§ **Your goal**
Nothing but the lines from the one with "雙向拉伸塑料土工格柵是以聚丙" through the end of the listing should be reproduced, each exactly and with pictures omitted.

§ **Given data**
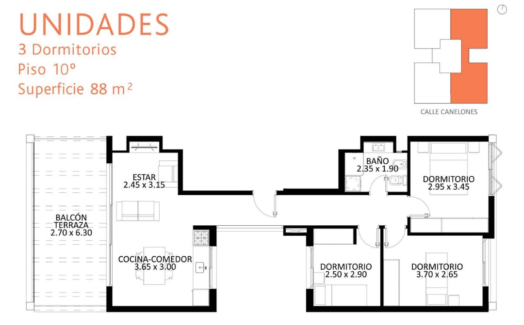 ¡Cómoda y luminosa planta! Piso 10° al frente con orientación Oeste, living comedor con salida a gran terraza, cocina integrada al mismo. Tres amplios y luminosos dormitorios. Baño completo.
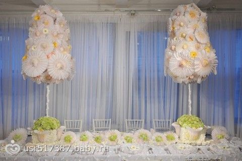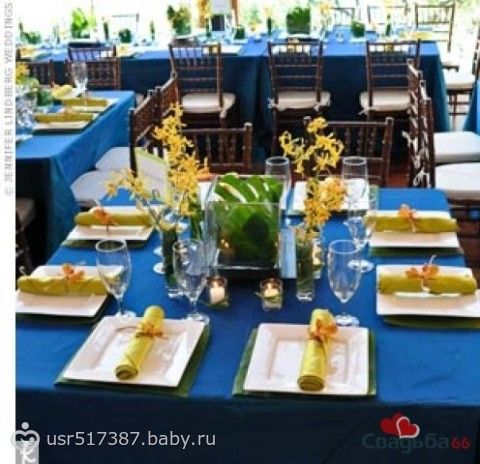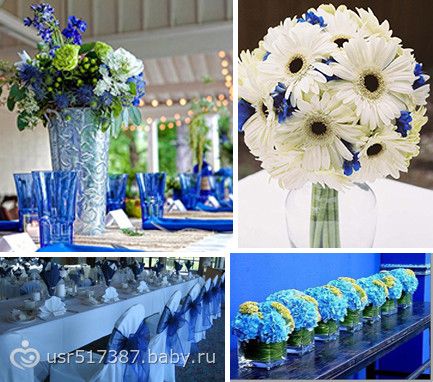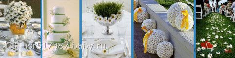 ты пока подожди выбирать конкретное оформление, необходимо на зал посмотреть. Потому что может быть, что твои ромашки в выбранный зал не подойдут… И туда как раз синий или красный будут идеальны.
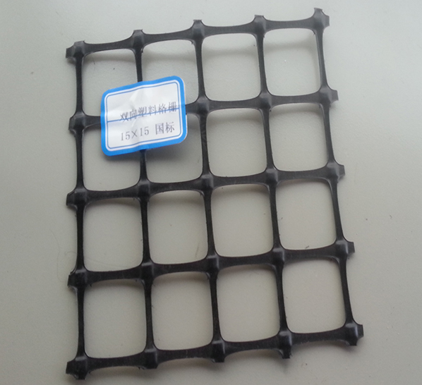 雙向拉伸塑料土工格柵是以聚丙烯(PP)或聚乙烯(PE)為原料,經(jīng)塑化擠出板材、沖孔、加熱、縱向拉伸、橫向拉伸而成。該材料在縱向和橫向上都具有很大的拉伸強(qiáng)度,這種結(jié)構(gòu)在土壤中能夠提供一個(gè)更為有效的力的承擔(dān)和擴(kuò)散的理想連鎖系統(tǒng),適應(yīng)于大面積承載的地基補(bǔ)強(qiáng)。
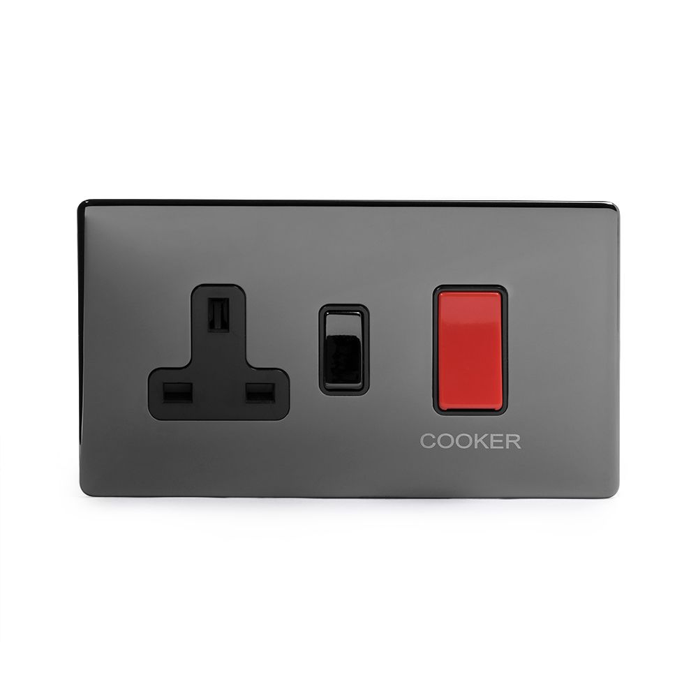 The distinctive look and stylish screwless finish of this Black Nickel 45A Cooker control provides a perfect complement to modern/contemporary kitchens with black appliances, modern bathrooms or rooms with televisions or other popular electrical equipment.

§ **Response to this exercise**
 雙向拉伸塑料土工格柵是以聚丙烯(PP)或聚乙烯(PE)為原料,經(jīng)塑化擠出板材、沖孔、加熱、縱向拉伸、橫向拉伸而成。該材料在縱向和橫向上都具有很大的拉伸強(qiáng)度,這種結(jié)構(gòu)在土壤中能夠提供一個(gè)更為有效的力的承擔(dān)和擴(kuò)散的理想連鎖系統(tǒng),適應(yīng)于大面積承載的地基補(bǔ)強(qiáng)。
 The distinctive look and stylish screwless finish of this Black Nickel 45A Cooker control provides a perfect complement to modern/contemporary kitchens with black appliances, modern bathrooms or rooms with televisions or other popular electrical equipment.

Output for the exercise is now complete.